Ada Limón (The Hurting Kind, May): “Limón’s gently confiding delivery goes a long way toward making lines ease into the subconscious, where poems work best.”
Jonathan Gaisman reviews Nigel McGilchrist’s recent book about Pythagoras (When the Dog Speaks, the Philosopher Listens: A Guide to the Greatness of Pythagoras and his Curious Age, April):
When the Dog Speaks is also a physical pleasure to possess. As one would expect given the themes of the book, its photographs are beautiful and in excellent taste; like the text, they often have an agreeably oblique relation to the subject. It is therefore a book that one should judge from its cover and appearance. It is the modest yet far-reaching wisdom of its contents, however, that will draw one back for successive readings. McGilchrist concludes with the observation that Pythagoras “simply gave us better eyes with which to see and understand.” In its reticent way, the same is true of this book.
N.B.:
50% off through today at Princeton University Press.
Public Discourse is looking for a Managing Editor.
Issues we’re having:
Orion’s Summer 2023 issue, “The Deep Dark Burning Woods: Fairy Tales for the Climate Crisis”
Meanjin Quarterly’s Winter 2023 issue [Better late than never. —Chris], “First Nations First”
Local:
The National Philharmonic ends their season on Sunday with Carmina Burana [Like from movies. —Chris] and Hailstork’s Symphony No. 5.

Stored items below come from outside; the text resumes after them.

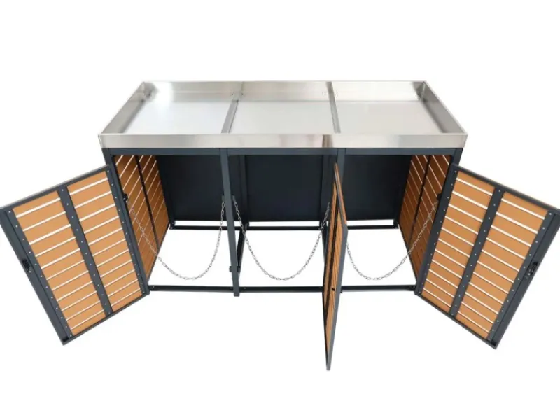 – Diese moderne Mülltonnenverkleidung mit Pflanzkasten ist nicht nur optisch ansprechend. Neben den abschließbaren Türen und dem stabilen Gehäuse, ist der Pflanzkasten mit Ablauflöchern für überflüssiges Wasser ausgestattet.
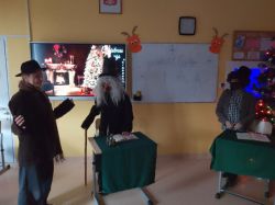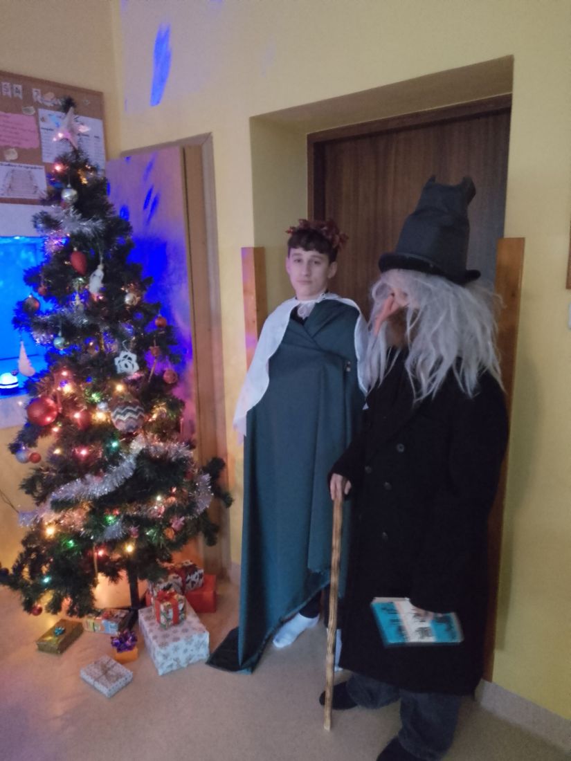 Uczniowie z dużym zaangażowaniem i samodzielnością przygotowali całe przedsięwzięcie – opracowali scenariusz, stworzyli nastrojową scenografię, zadbali o odpowiednie kostiumy oraz oprawę muzyczną, która doskonale podkreślała klimat przedstawienia. Całość wprowadziła widzów w prawdziwie bożonarodzeniowy nastrój, pełen refleksji i wzruszeń. Występ przypomniał ważne przesłanie lektury – że każdy człowiek ma szansę na przemianę, a empatia, dobroć i wrażliwość na potrzeby drugiego człowieka są wartościami ponadczasowymi. Historia Ebenezera Scrooge’a stała się dla młodych aktorów i widzów okazją do zastanowienia się nad tym, co w życiu naprawdę ważne.
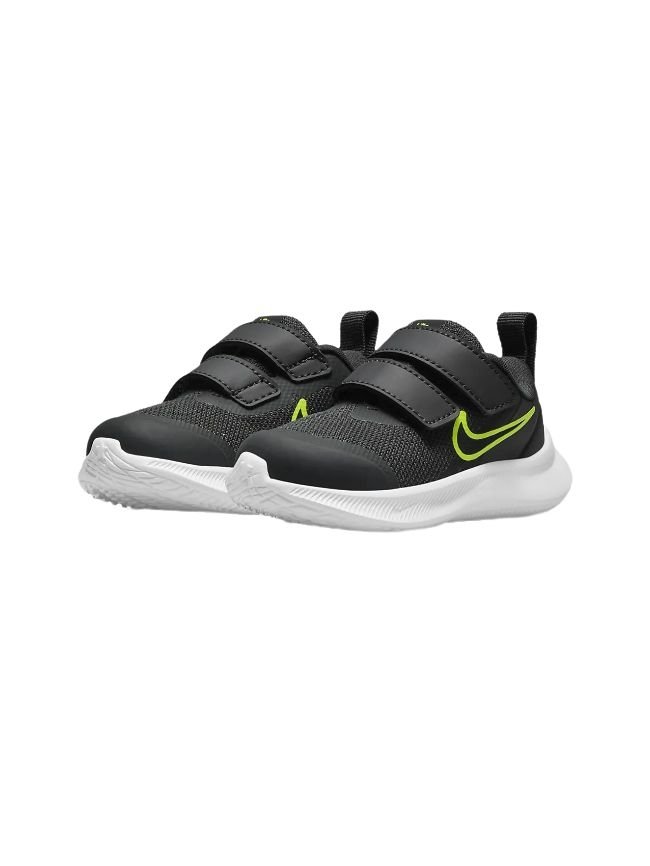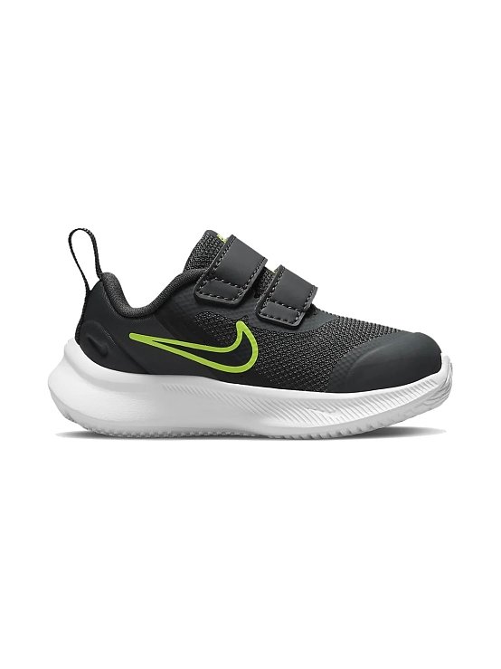 Φτιαγμένο για τα μελλοντικά αστέρια. Δημιουργήσαμε ένα εντυπωσιακό μοντέλο με τη δύναμη των αστεριών. Το Nike Star Runner 3 απογειώνει το στιλ των μικρών αθλητών με ένα παπούτσι που έχει σχεδιαστεί για παιχνίδι και τους συνοδεύει από το πρώτο μπουσούλημα μέχρι το κάθε μικρό βηματάκι. Προσθέσαμε δύο λουράκια για εύκολη αφαίρεση και εξαιρετικά μαλακό αφρό, ενώ δώσαμε έμφαση και στην ευελιξία, με στόχο την απόλυτη άνεση. Σχεδιασμένο με γνώμονα τη Γη, είναι φτιαγμένο με τουλάχιστον 20% ανακυκλωμένα υλικά ως προς το βάρος.
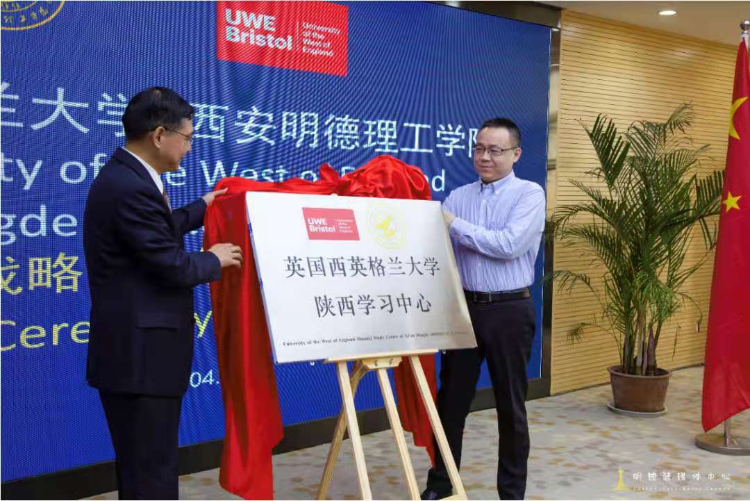 在热烈的掌声中,杨健君校长与严国玉先生为英国西英格兰大学学术中心以及英国西英格兰大学陕西学习中心揭牌。会后,由学院办公室主任韩娅舒陪同严国玉先生参观校园。
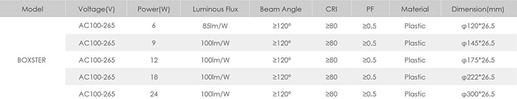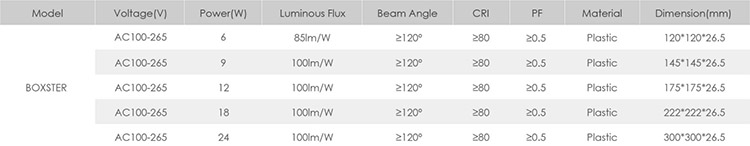 specification of Boxster LED Panel Light:
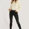 These jeans feature a high rise waist, a five-pocket design, side slits at the bottom hem, a straight fit and a zip and button closure.
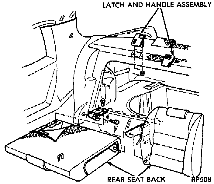 1. Hinge seat back forward and disengage push-in fasteners holding carpet backing to trunk floor.
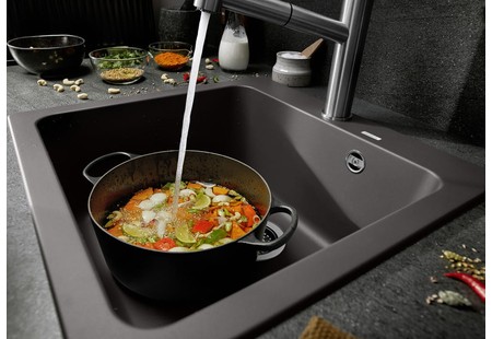 Мне понравилась мойка — черная, одна чаша; удобный клапан-автомат InFino, выглядит аккуратно и уютно.
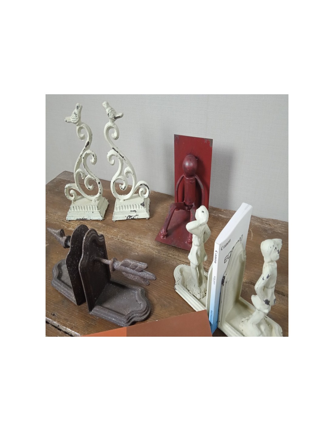 Joc de dos recolza llibres fets de ferro colat acabat envellit color crema i construcció molt reforçada per decorar la teva prestatgeria.
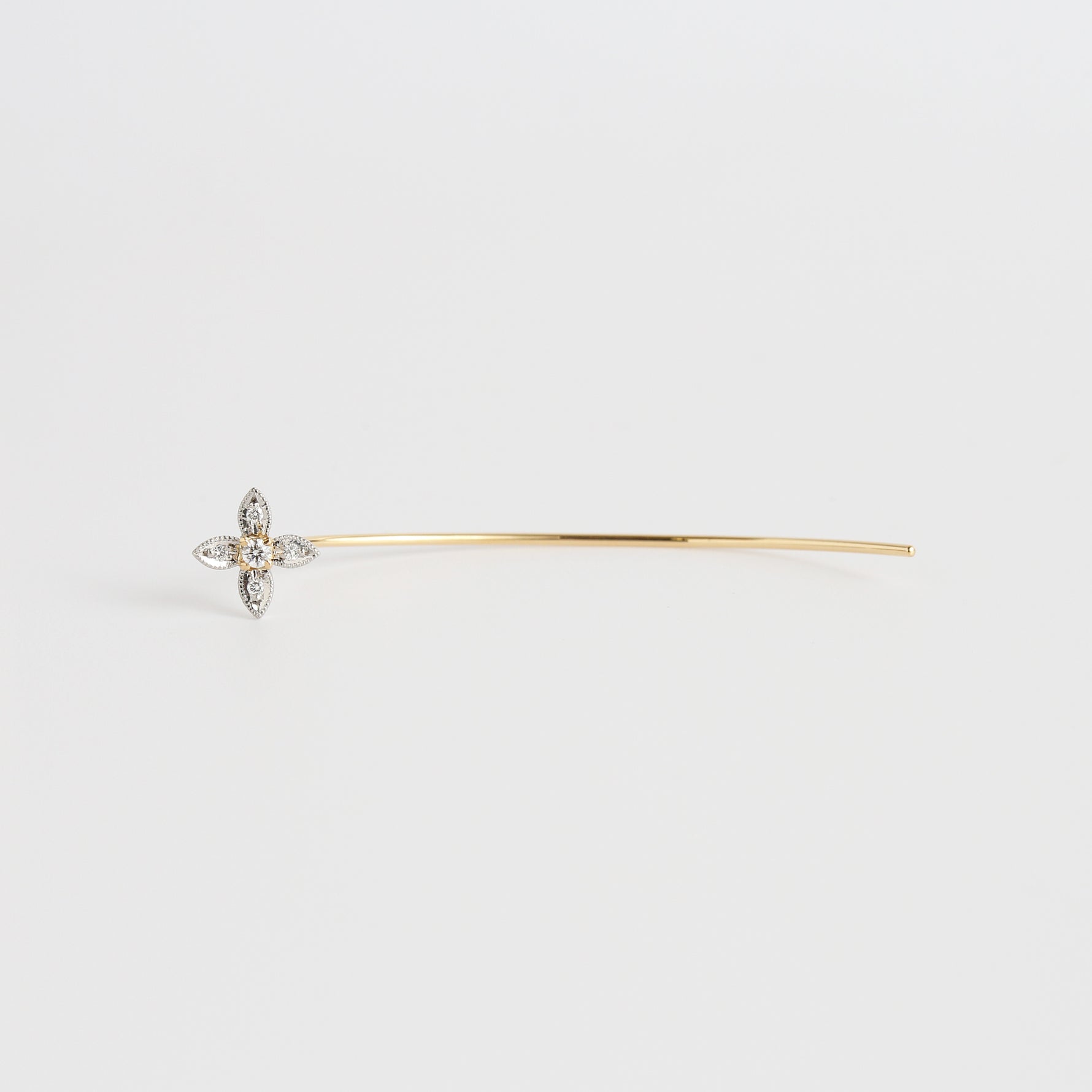 雛草をイメージした一輪の花ピアス。花の茎に見立てたカーヴィなゴールドバーの先に咲いた雛草の花。花の中心で煌めく上質なダイヤモンド、力強く真っすぐと伸びた4枚の花びら、凛とした花びら1枚1枚にメレダイヤモンドをあしらい、縁にはミルグレインを施して繊細かつ華やかに仕立てました。横からも後ろからも魅せる、可憐さだけではなくコントラストを効かせた質感とディテールにこだわった一輪の花ジュエリー。
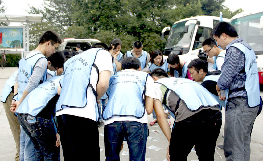 我承認我不是一個記憶超人,有時還會犯糊涂,極速60秒鐘是繼“破冰起航、組建團隊”熱身運動之后的第一科目,30張帶有數字信息的卡片被放置在繩接成的圈內,每個隊有三進入現場看數字信息的機會,每次只有60秒看信息。并要在60秒內將采集數字信息卡片按照數字順序交與培訓師。準確無誤為勝出。這項活動,單憑一兩個人的智慧是無法完成的,且在團隊中協調與分配不好各自的任務,也不可能有效的實現團隊目標。

This weekend: National Symphony Orchestra presents Beethoven & American Masters.
Upcoming book:
June 1 | Subterranean Press
The Dead Man and Other Horror Stories
by Gene Wolfe, illustrated by Tom Kidd
From the publisher: Although best known for his world-building Book of the New Sun science-fantasy saga, Gene Wolfe wrote brilliant fiction that resisted encapsulation within rigid genre categories. This volume collects twenty-eight tales spanning nearly a half century—six of them never before collected—and gathered from venues as varied as men’s magazines, periodicals devoted to short works of fantasy and science fiction, and tribute anthologies to the works of authors as wildly opposed in their literary visions as Dante and H. P. Lovecraft. Although selected for their overtones of “horror,” they frequently defy the conventions that contemporary category label conjures. Wolfe’s tales of horror, like all of his fiction, are stories in which readers—however uneasily—recognize, and relate to, much of themselves.